Читаем Сент-Ив полностью

Дэльмгой отер слезы, выступившие на его глаза от хохота.

Я, не подозревая, что безумие моих спутников могло быть опасным, перевернулся на другой бок и снова заснул.

Мне казалось, что я проспал всего одну минуту, когда меня разбудил страшный шум в ушах; голова моя болела и была так тяжела, точно ее наполнили свинцом. Кто-то громко звал меня по имени; я сел и увидел облитое ярким лунным светом, взволнованное лицо Дэльмгоя, указывающего пальцем на что-то.
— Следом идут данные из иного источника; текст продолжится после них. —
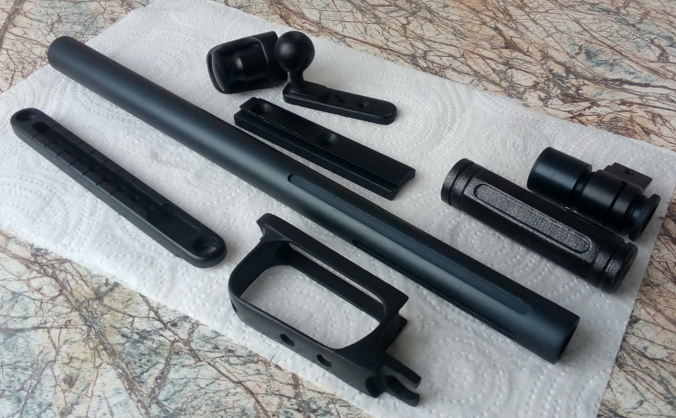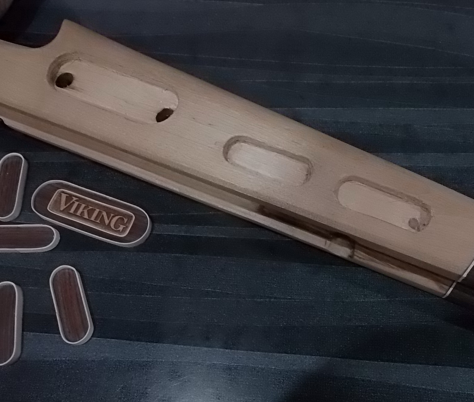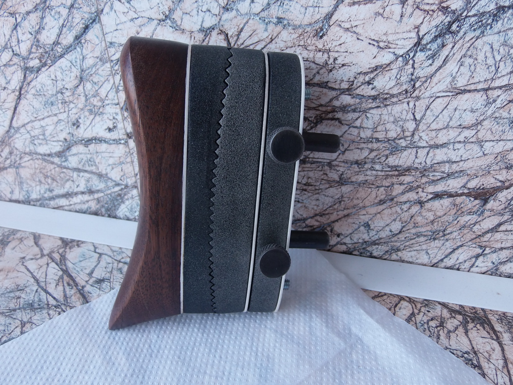 Отмочил сначала ложу в ацетоновой бане, затем протёр чистым ацетоном и отшкурил всю ложу бумажками от Р60 до Р320. Затыльника к ложе в комплекте не было, не было и еврошины. Спусковая скоба из алюминия была. Совместными усилиями с дружком Русланом соорудили регулируемый затыльник. Решили сделать его регулируемым и по высоте и по длине. Он напечатал из хорошего пластика три детали затыльника-к основе крепился с задней стороны двумя саморезами на клею деревянный затыльник. Для него и (забегая наперёд) прочего декора этой ложи я отыскал красивый брусок из экзотической породы. Средняя деталь-ответная половинка первой с шпоночным пазом куда вложена гайка М6 под винт фиксации затыльника при регулировке по высоте. Т.е. в затыльнике деревянном и детали к которой он закреплён просверлено сквозное отверстие под винт. Ослабишь винт-выставив на нужную высоту затыльник винт затянешь. Затыльник останется зафиксированным в выбранном по высоте положении. Регулировка выполняется не на ластохвосте, а на соединении «крокодил» что намного надёжнее-фиксация мёртвая просто!!! Также во вторую деталь были врезаны две шпильки стальные для регулировки по длине. Третья деталь крепится непосредственно к затыльнику двумя винтами с потайными головками во втулки врезанные в затыльник приклада. Также эта деталь оснащена двумя втулками под шпильки средней детали и двумя втулками в боковине правой под маховички стальные для фиксации выдвинутого по длине затыльника. Маховики стальные при закручивании упираются в стальные шпильки и надёжно фиксируют затыльник в нужном положении по длине. Для беспрепятственного перемещения шпилек внутри приклада выполнен необходимый паз. Вот таким был сначала затыльник и вот таким он стал в итоге. Варианты регулировок продемонстрированы:

У моих ног лежал воздухоплаватель, раскинув ноги и руки, точно чудовищно большая марионетка. Через него наклонялся Шипшэнкс и смотрел вверх с веселой, одобрительной улыбкой.

– Вот ведь дело-то какое вышло, – объяснил Дэльмгой со вздохом. – Этот Шипшэнкс невозможен… Он не переносит виски… Мы решили, что будет весело выбросить балласт. Байфильд вышел из себя. Одним я горжусь: меня легко заставить опомниться. Шипшэнкс же не унимался и продолжал выбрасывать мешки с песком. Байфильд кинулся на него. Но было поздно… Шар все поднимался, становилось трудно дышать… Байфильду сделалось дурно. Шипшэнкс решил, что необходимо позвонить, позвать на помощь, схватил шнурок, дернул и оборвал его… Теперь «Лунарди» не может опуститься, черт возьми.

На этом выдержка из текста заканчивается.